UOIF president Lhaj Thami Breze said “discreet” head-coverings include bandanas or pieces of cloth tied at the back, and he warned school authorities not to “twist the law” by trying to prohibit them in September. “We have been asked not to break the law, but to try to find a way to conform to it. It is not up to schools to tell us how,” he said.
However the UOIF’s stance could put it on collision course with the centre-right government of President Jacques Chirac, which in guidelines to school leaders stipulates that the ban covers “signs and behaviour … whose wearing immediately makes known a person’s religious faith.”
The guidelines say the Islamic veil is banned “no matter what name is given to it”. Earlier this month Education Minister Francois Fillon said the law would be applied “with absolute firmness … I will pay personal attention. There will be no exception.”

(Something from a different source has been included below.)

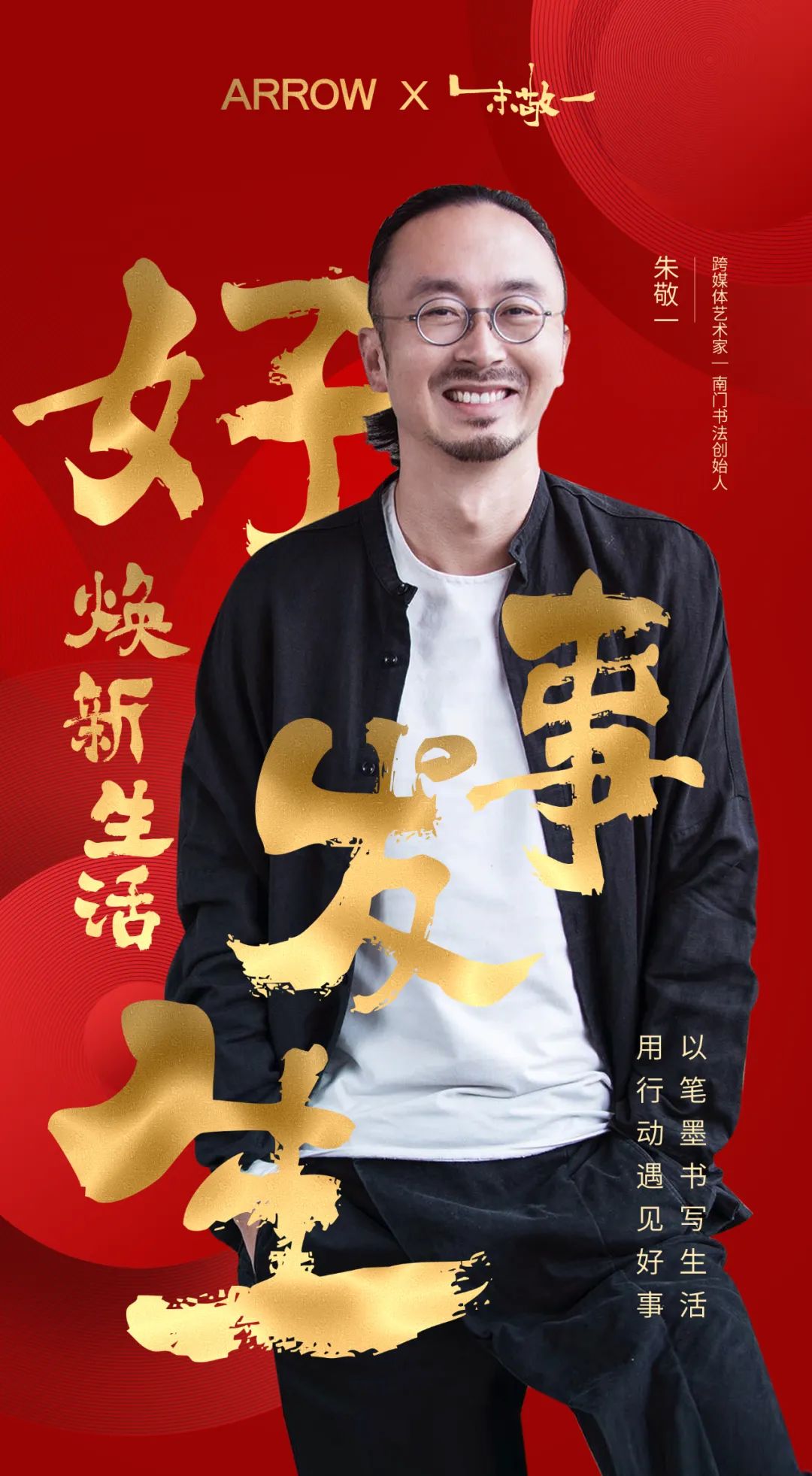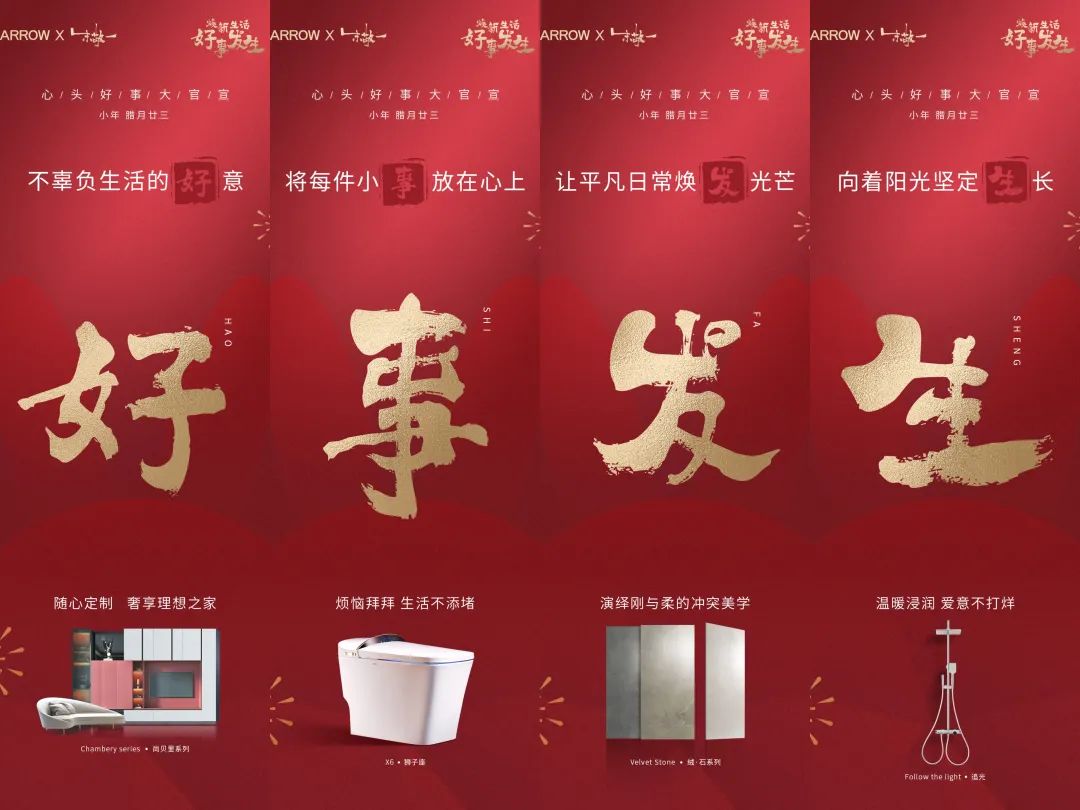 搭载新年气氛,人生就是搏中国区家居选择适配度极高的创意国潮书法艺术家朱敬一合作,并在官微宣布系列海报@朱敬一。经典大气的中国红,搭配华美绚烂的鎏金字体,与朱先生谦和明亮的笑容一起向各人转达品牌的优美祝福。设计感满满的海报一经宣布就吸引了大批粉丝驻足,为即将上线的ID视频积贮了一波流量势能。

The “secularity law” was drafted in response to an official report last year which warned against the breakdown of society into racial and faith-based groups, and recommended the removal of religious symbols from the classroom as well as steps to hasten integration of the large Arab minority.
The ban on “conspicuous” insignia also covers the Jewish skull-cap and large Christian crosses. But the Muslim community believes it is primarily the target, and the start of the new term — when the law will be applied for the first time—is awaited with growing unease.
The UOIF, which enjoins a return to the fundamentals of Islam as laid out in the Holy Quran and sayings of the Prophet Mohamed (PBUH), scored strongly in elections last year to France’s first officially-recognised Muslim body, the Council for the Muslim Religion (CFCM).